→ **TASK**:
All of the data below should come back exactly as written, minus its images.

→ **COLLECTED MATERIAL**:
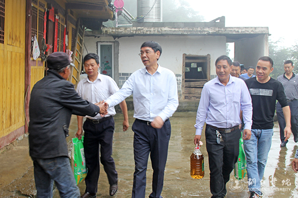 6月18日,党委书记李树新率党委组织部、机关党委、后勤处、扶贫办、经管学院赴石阡县龙井乡炕家岩村开展扶贫工作,看望慰问了世界杯官网驻村第一书记和该村贫困户,深入了解了该村产业发展和脱贫攻坚情况。
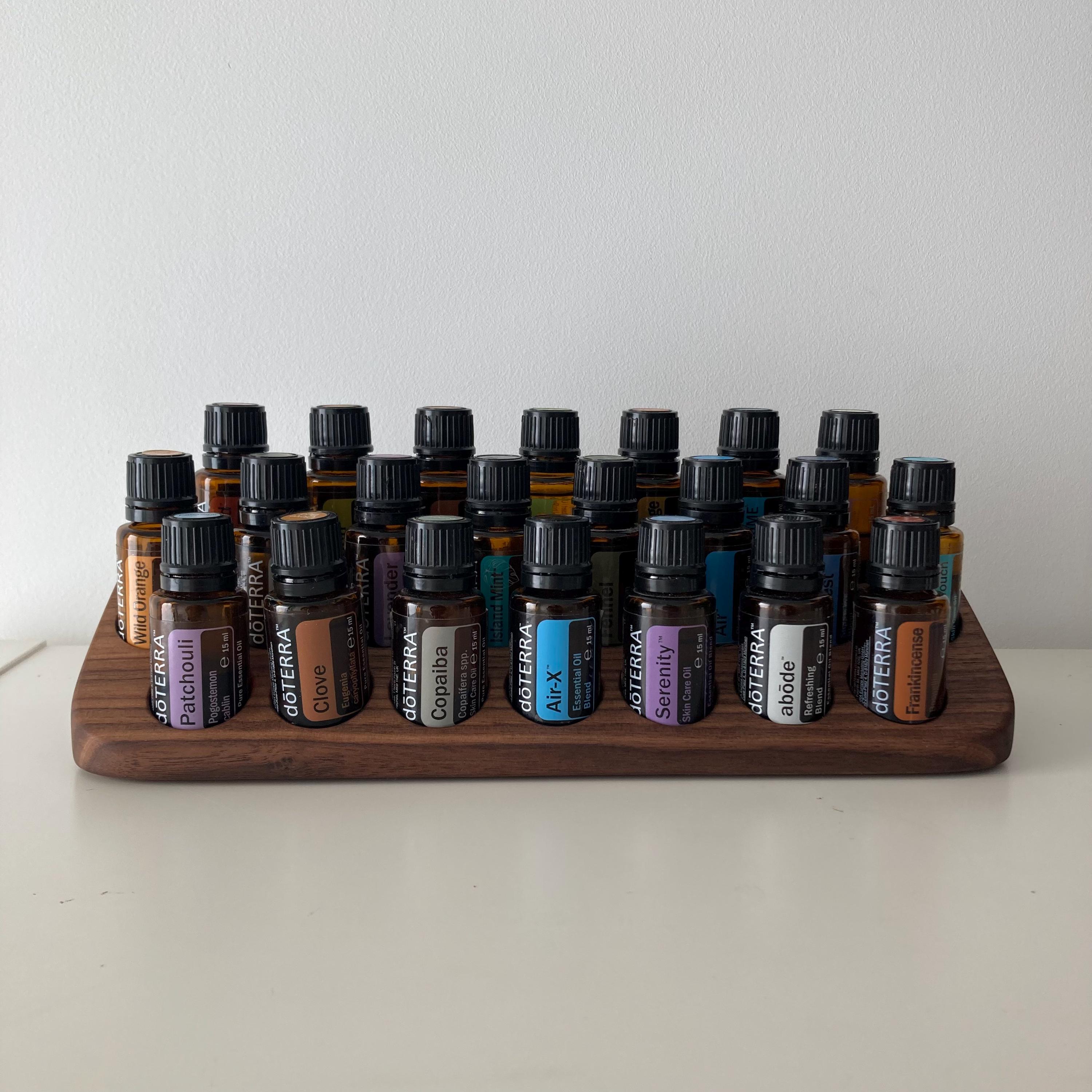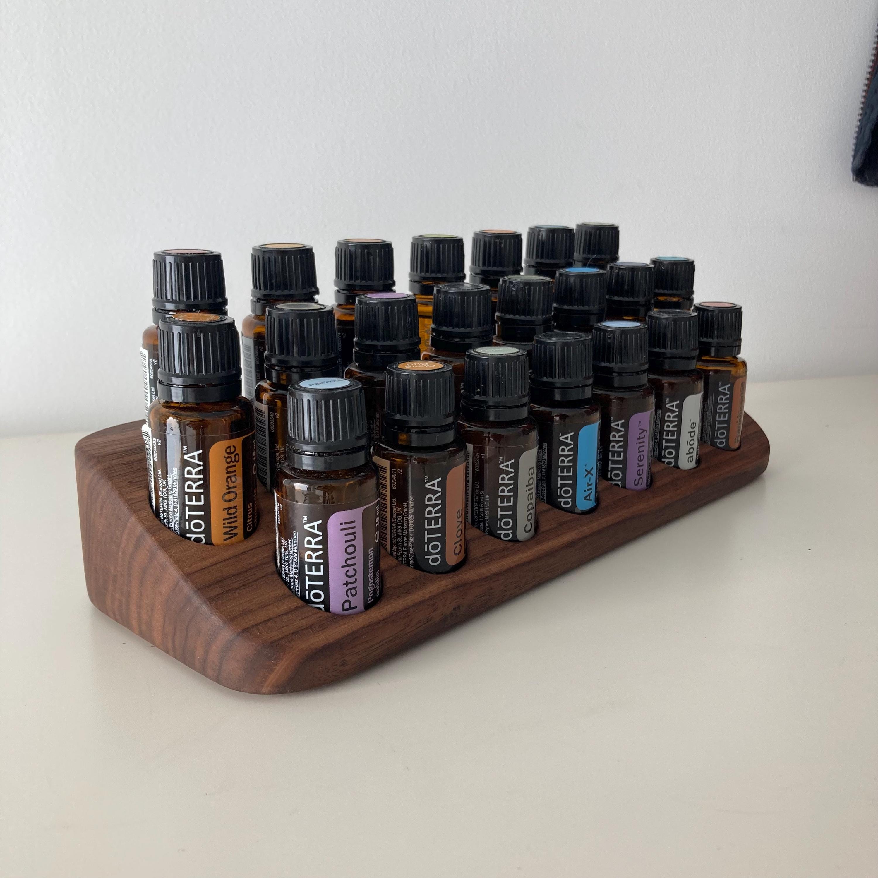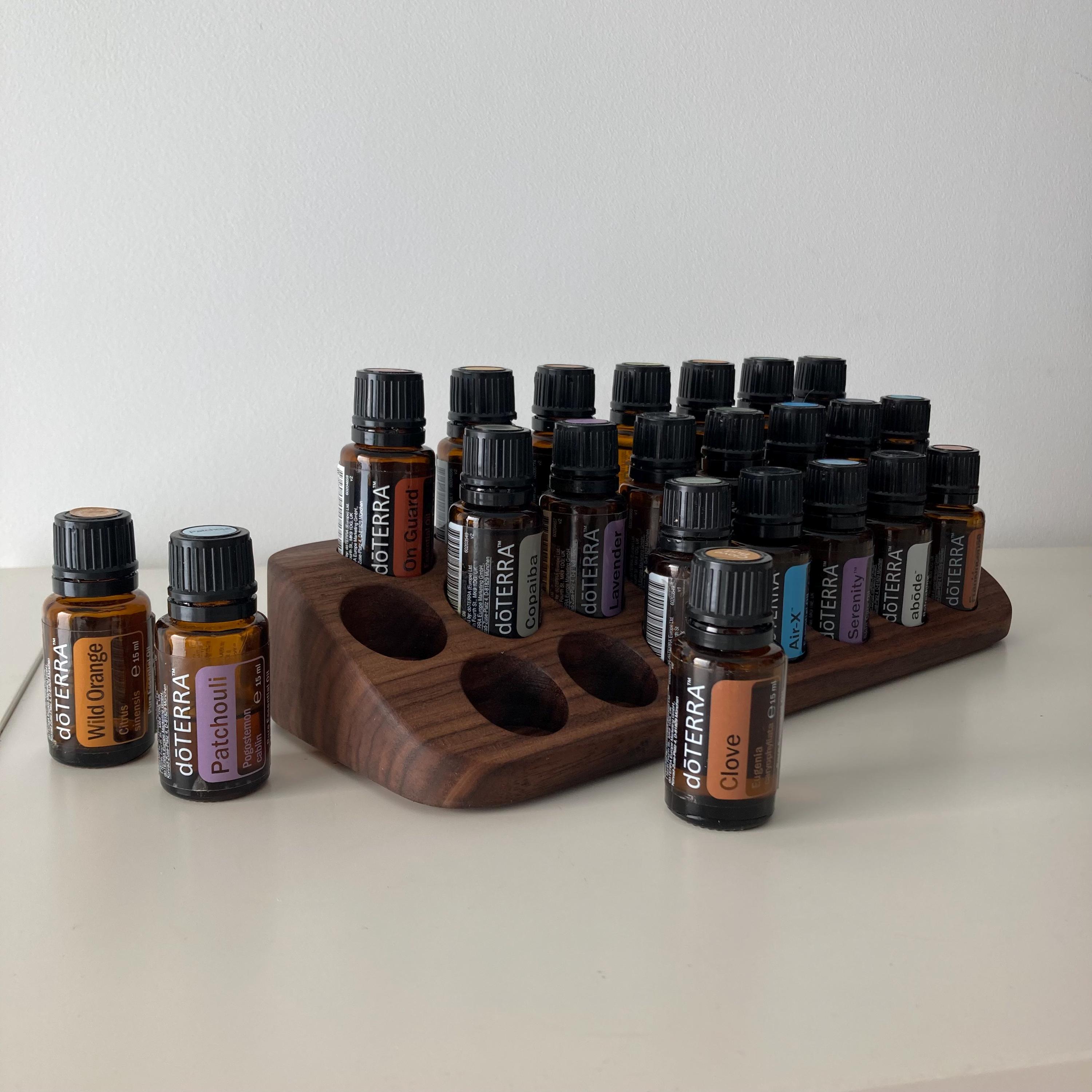 This display is ideal for all essential oils in 15ml bottles. It holds 22 oil bottles (28mm diameter). The staggered arrangement ensures that each label is easy to read. The front of the display is slightly angled, improving handling and visibility, and also giving it a very chic and elegant look.
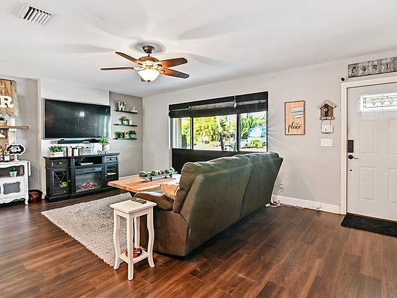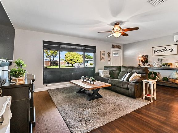 Spacious Three Bedroom, Two Bath Split Floor Plan with a One Car Garage Boasting an Almost 500 SF Bonus Entertainment Room with Large Screen Projector, Perfect for Game Day Parties With Friends and Family. Additional Storage Room for Luggage, Seasonal Decor or Household Equipment. Outside Storage for Lawn Equipment, Eight Perimeter Cameras and a Portable Generator that Plugs Directly into the Panel. Central Ac Plus Four Mini-split for Selective Cooling. Impact Windows Through Out With Accordion Shutters on Back Room Windows. Large Newly Fenced Yard with Room for a Pool (Plans Approved and Available to Buyer). 1,864 SF of Family Living Plus a Garage. No HOA, Centrally Located with Quick Access to All Commuter Highways! Ready to Move in!!!

→ **TASK ANSWER**:
 6月18日,党委书记李树新率党委组织部、机关党委、后勤处、扶贫办、经管学院赴石阡县龙井乡炕家岩村开展扶贫工作,看望慰问了世界杯官网驻村第一书记和该村贫困户,深入了解了该村产业发展和脱贫攻坚情况。
 This display is ideal for all essential oils in 15ml bottles. It holds 22 oil bottles (28mm diameter). The staggered arrangement ensures that each label is easy to read. The front of the display is slightly angled, improving handling and visibility, and also giving it a very chic and elegant look.
 Spacious Three Bedroom, Two Bath Split Floor Plan with a One Car Garage Boasting an Almost 500 SF Bonus Entertainment Room with Large Screen Projector, Perfect for Game Day Parties With Friends and Family. Additional Storage Room for Luggage, Seasonal Decor or Household Equipment. Outside Storage for Lawn Equipment, Eight Perimeter Cameras and a Portable Generator that Plugs Directly into the Panel. Central Ac Plus Four Mini-split for Selective Cooling. Impact Windows Through Out With Accordion Shutters on Back Room Windows. Large Newly Fenced Yard with Room for a Pool (Plans Approved and Available to Buyer). 1,864 SF of Family Living Plus a Garage. No HOA, Centrally Located with Quick Access to All Commuter Highways! Ready to Move in!!!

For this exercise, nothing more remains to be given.